Employee welfare and worker rights have been driven primarily to control short term attrition. Despite the large number of workers employed, few political groups have come forward, perhaps because of the urban (and hence, least voting bloc) nature of workers in the BPO sector. If politicians don’t get votes and this segment is unlikely to protest, they have no incentive to look into this repeated abuse of young people. Some of the tasks performed by these workers are similar to intellectual chimney sweeps or coolies of the nineteenth century, as they do copying and pasting in a repetitive manner in spread-sheets.

Attrition – An urban legend: Despite the noise about attrition by industry players, most of the attrition is actually and subtly encouraged to keep operating margins down. This is because attrition enables middle managers to cut down costs temporarily by making other team members stretch, and replacing them by un-experienced younger members. It is also very easily explained as due to market conditions or poaching by other companies. The solution for having an industry wide database lacks sensitivity to individual personal rights and seems to point the finger almost entirely on employees for attrition.

Corporate Governance

The BPO industry which was asking for Government help when the dollar hit Rs 39 is silent about when the dollar swung back to 48 rs. There is a huge impact on proftability to this segment, yet Coprorate Governance norms in both listed and unlisted companies are not world class. In the West making workers work 12 hours a day without overtime would be a crime, backdating stock options would be a scandal and using employement bonds to prevent people from leaving would be unfair and illegal. Many Indian companies have substantial share holdings with Western PE investors who swing business their way from their companies in the West. The pricing pressure is much more due to competition dynamics  than due to labor costs yet costs are always cut from managers and below.

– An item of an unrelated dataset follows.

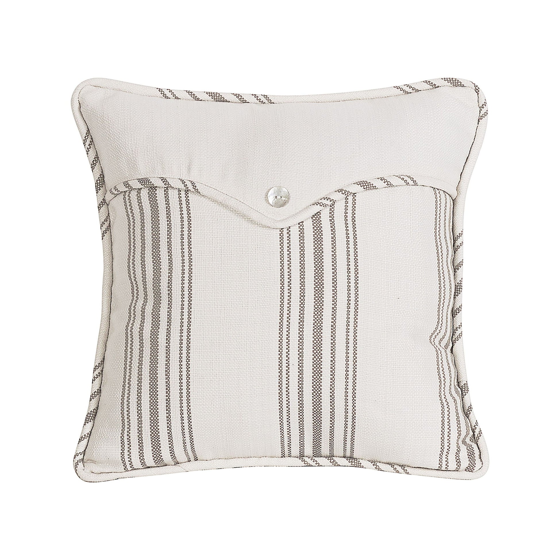 With its crisp white linen construction and the classic ticking stripe in taupe, this Gramercy accent pillow adds a casual yet sophisticated note to your bedroom. This pillow is decorated with an enveloped accent and a mother-of-pearl button in the center and finished with refined piped edges. Complement with our Gramercy Comforter Set and coordinating Gramercy pillows and shams to complete a classic and elegant bedroom ensemble. What's Included 1 Pillow Dimensions 18"W x 18"L Materials Shell: 100% polyester; Fill: 100% polyester Care Dry clean recommended. Hidden zipper closure.

The BPO Industry in India favors the few (Senior Management, VC Investors, Global Multi-Nationals) at a disproportionate cost to the many (the worker handling the phone call, or manipulating the spread-sheet). These sultans of the industry are already planning to set-up centers in China and East Europe to help squeeze wages down further. Rather than move reactively, attrition can be controlled if more companies offer employees fair and credible stock options rather than unsustainable salary hikes.

Long Term

If unchecked and un-regulated, by the next 10 years, we would have millions of workers elbowed out by relentless demographics of a young India or China or East Europe, with limited skills and unprotected by either legislation or by social care.

Like toy soldiers, millions of young urban Indians sacrifice their health, un-noticed by anyone, and unable to go to the streets to protest. The complete lack of union, legal and political protection, can only lead to further abuse of this demographic segment by the gladiators of modern India’s capitalism, the ones who make their stock options and bury their conscience with drinks at suburban five-star pubs.

A more socially responsible BPO industry can protect both its employees and its own interests by working in a proactive manner by retraining its employees rather than a reactive manner by laying off staff. Once it does so, it has the potential to move-up the chain to offer wing-to-wing consulting solutions.

 

The UNITES workers union proactively works in protecting BPO workers rights , but it has limited leverage. For example it’s warnings to NASSCOM about Satyam , a month ago after the World Bank blacklisting were ignored by NASSCOM saying they could not interfere with a constituent company.

Domestic call centers in India have generated more than $ 1.2 billion in revenue in 2006-2007 and they can sustain and prolong their growth by better human resource management leading to innovation driven revenues rather than factor driven revenues.

It will be, then, a true case of Chak de BPO India rather than chuck them BPO India.